Town hall protests may backfire

Watching the muscular tactics being used in congressional town meetings by some opponents of health care reform, I keep thinking somebody should remind the Republican leaders who are reveling in the scenes about Bruce Alger.

Alger was the first Republican congressman elected from Texas in the modern era, winning a Dallas district in 1954. In 1960, just a few days before the presidential election, he was part of a crowd of several hundred people who surrounded Lyndon B. Johnson, the Democratic vice presidential candidate, and his wife, Lady Bird, when they arrived for a luncheon at the Adolphus Hotel in Dallas.

Many of the demonstrators carried signs labeling the Texas senator as a “Judas.” Alger’s placard read: “LBJ Sold Out to Yankee Socialists.”

As I later wrote, the Johnsons “were engulfed by the crowd, and for more than half an hour, were reviled and jostled as they slowly made their way across the lobby. Johnson refused offers of police assistance, telling an aide that ‘if the time has come that I can’t walk with my lady across the lobby of the Adolphus Hotel, then I want to know it.'”

The backlash was instant and powerful. As conservative columnists Rowland Evans and Robert Novak later wrote in their book about Johnson, the scene in the Adolphus “outraged thousands of Texans and Southerners. Sen. Richard Russell of Georgia, who had not campaigned for his party’s national ticket since 1944, telephoned Johnson that evening to offer his services.” The Johnson biographers concluded that while no one could prove the case, it is “a credible hypothesis” that the Adolphus incident swung Texas and perhaps other closely contested Southern states to the Democrats.

In 1964, when Johnson headed the Democratic ticket, he got even: His coattails swept Alger out of office.

I was reminded of this saga by what happened to Rep. John Dingell of Michigan, the venerable Democrat who was shouted down last week by protesters at a health care town meeting in Romulus, Mich. Dingell, 83, has represented the area for 53 years, surviving all the political tides and a Republican effort to redistrict him out of office.

Nonetheless, he was called a “fraud” by a woman who said the plan he supported in committee would empty her wallet, and was booed and denounced by hundreds of others who filled the meeting hall.

Dingell said he hadn’t faced as angry a crowd since he voted for the civil rights bill in 1964, but said, “I’m a tough old bastard” and won’t waver.

Scenes like Romulus have filled cable news as Democrats across the country have been meeting their constituents during this August congressional recess. The cameras were watching as Sens. Arlen Specter and Claire McCaskill were harangued on Tuesday.

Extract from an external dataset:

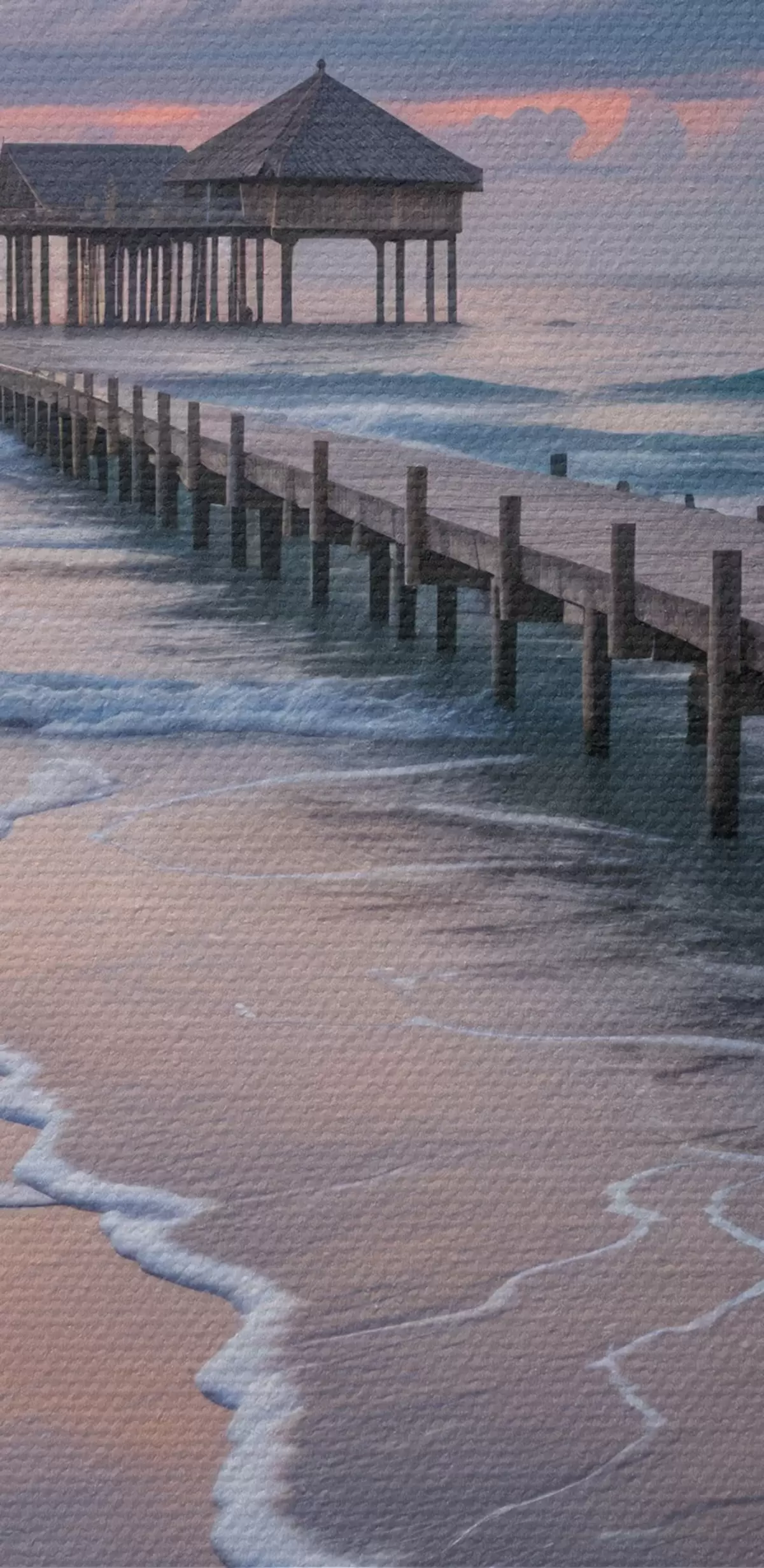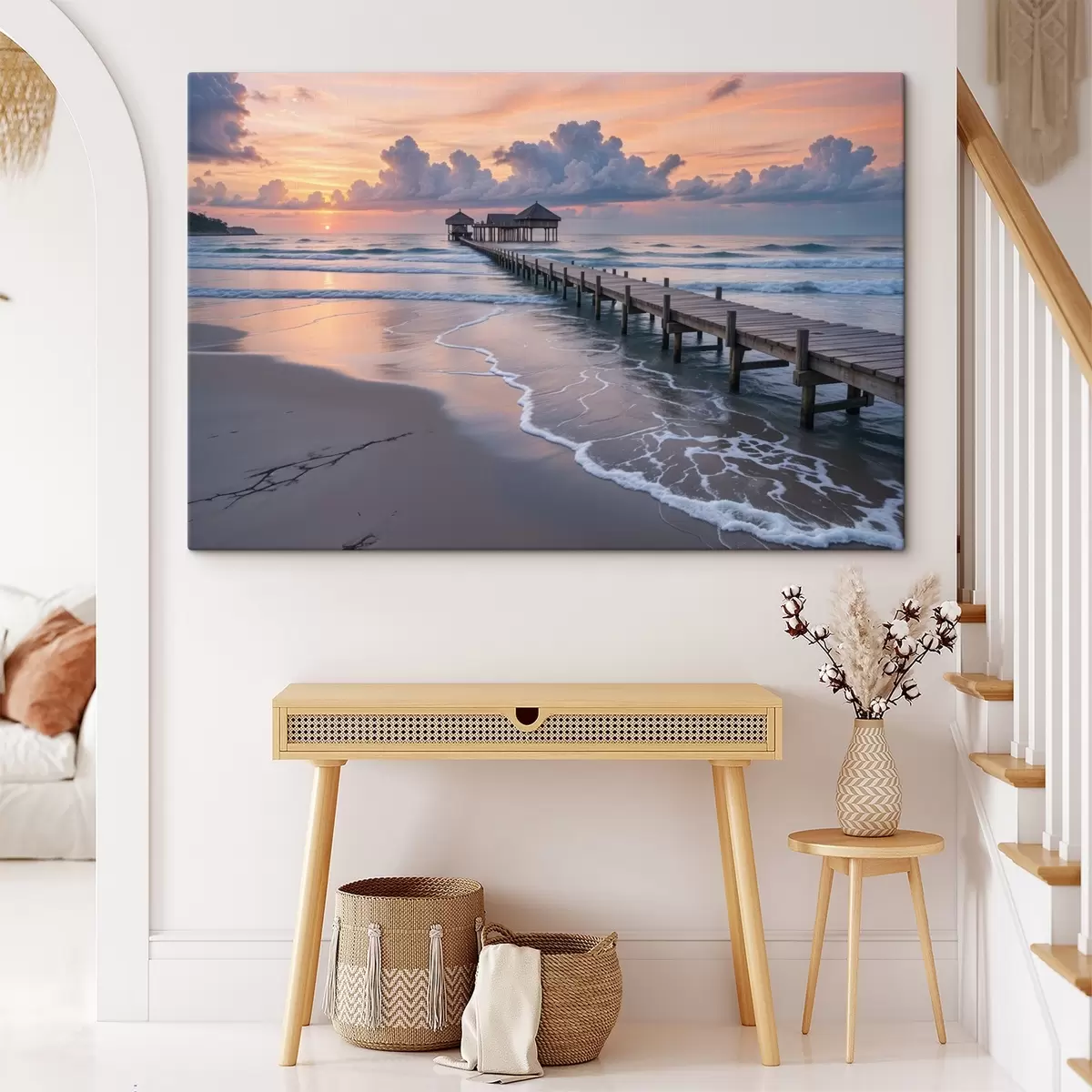 Tableau Une jetée en bois se prolongeant dans un océan calme au coucher du soleil avec des nuages colorés  s41091
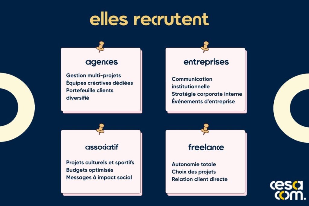 La majorité des postes de concepteurs rédacteurs se concentrent en agence de communication, publicité ou marketing. Vous y évoluez au sein d’équipes créatives dynamiques, mais d’autres options existent :

What doesn’t make the news is what the reaction is among the larger population of voters whose views will ultimately influence the fate of health care legislation.

I haven’t seen any polls taken since the demonstrations began, but an editorial in Tuesday’s Detroit Free Press said “the disrespect Dingell was shown in a state where he has made such a profound contribution was unforgivable.”

There have been many such editorials. And at least some Republicans are beginning to notice. Sarah Palin, who earlier had called the plans Obama is supporting “downright evil,” said in a Facebook post that “we must stick to a discussion of the issues and not get sidetracked by tactics that can be accused of leading to intimidation or harassment.”

But not all the GOP leaders have gotten the message. Democratic Rep. Debbie Wasserman Schultz, who represents a heavily Jewish district in Florida, phoned me to complain that top House Republicans have not publicly repudiated Rush Limbaugh for his statements likening Obama’s health policies to those of the Nazis.

Much improvement is needed in the health care bills, but I think these angry opponents are playing with fire.